Students: End segregated dining
Tasnim, a pro-Islamic Republic news service, reported that the student Islamic Association gave a letter to authorities at Tehran’s Sharif University of Technology demanding that segregation in campus dining for men and women be ended. The school had just reopened after an Oct. 3 attack by Basij thugs on protesters there. Not waiting for an answer, female students entered the men’s dining hall Oct. 22. University officials then closed the dining room.
In a daring action widely covered in the Iranian press, male and female students then sat down together outside to share their meal. Tasnim claimed this was “abnormal behavior” and “a desecration.” But the World of the Economy, an Iranian daily, called it an “interesting” incident where the students ate “like a family.” Conflicting reports in major daily papers are one sign of rifts in capitalist ruling circles.
Students at other universities soon followed suit, including at Beheshti University in Tehran, where students pushed back an attempt by the Basij to prevent a joint meal.
At Hakim Sabzevar University in Khorasan province in northeastern Iran, the lunchroom erupted into cheers and chants of “Freedom, freedom, freedom” as women marched into the men’s section. One student wrote, “How long have we been waiting for this moment.”
Over the last week the regime has started sending Ali Bahadori Jahromi, the official spokesman of the Council of Ministers, to campuses to try to win students to back the regime. To no avail.

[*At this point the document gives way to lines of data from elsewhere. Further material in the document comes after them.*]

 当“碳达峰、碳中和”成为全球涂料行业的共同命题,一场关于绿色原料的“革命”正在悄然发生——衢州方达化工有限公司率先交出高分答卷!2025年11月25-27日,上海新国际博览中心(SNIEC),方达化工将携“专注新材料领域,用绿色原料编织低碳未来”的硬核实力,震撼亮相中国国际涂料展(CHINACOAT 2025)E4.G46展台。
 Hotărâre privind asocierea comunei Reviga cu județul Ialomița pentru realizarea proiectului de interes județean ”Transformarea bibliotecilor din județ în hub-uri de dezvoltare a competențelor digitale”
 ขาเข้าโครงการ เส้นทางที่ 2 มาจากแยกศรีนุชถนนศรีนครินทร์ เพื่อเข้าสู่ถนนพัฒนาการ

On Oct. 24, Bahadori was unable to finish his speech at Khaje Nasir University in Tehran over the sound of students chanting “Women, life, freedom.” Bahadori said he welcomed the slogan and called on the audience to chant it with him. The students then began chanting “Down with the dictator,” and demanded the release of a student activist who was arrested during an earlier protest. Bahadori claimed he didn’t know anything about it.

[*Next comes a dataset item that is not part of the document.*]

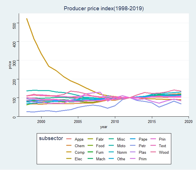 Computer and electronic products have seen the largest decline in prices which is starkly different from other subsectors. Controlling for quality of products, the price decline in this subsector have been very rapid. Later in the document, I discuss why Computer and Electronic products are clear outliers in the manufacturing sector. This sector has also largely been “servicified” with increasing production offshored to other countries.
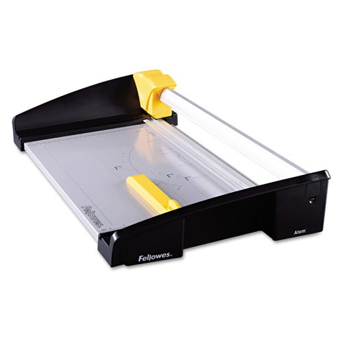 Fellowes Atom 180 Trimmer, 30 Sheets, Metal Base, 26 1/2" x 14 3/4". Heavy-duty trimmer cuts up to 30 sheets at once, and also slices through cardstock, plastic and foam board. Enclosed stainless steel rotary blade keeps user safe by preventing contact with the blade. Includes cutting guides for various paper sizes, photos and angled cuts. Auto paper clamp plus adjustable edge guide ensures cutting precision. Features durable metal base with nonskid feet.

On Oct. 25, Bahadori was shouted down at Qom University. The city of Qom is home to many Shiite religious leaders. In a packed auditorium students chanted, “We don’t want murderous guests, we don’t want a corrupt system.”
Having met with small groups of pro-regime students, Bahadori cancelled further public events there.
The regime has also slandered protesters, claiming they are U.S. or Israeli agents or want to bring back the rule of the U.S.-backed dictatorship of Shah Reza Pahlavi, who was overthrown by the 1979 Iranian Revolution.
Two students in Tehran responded with a video where they held up pictures of Iranian President Ebrahim Raisi, Ayatollah Ali Khamenei and the deposed shah. Then they proceeded to rip up all three.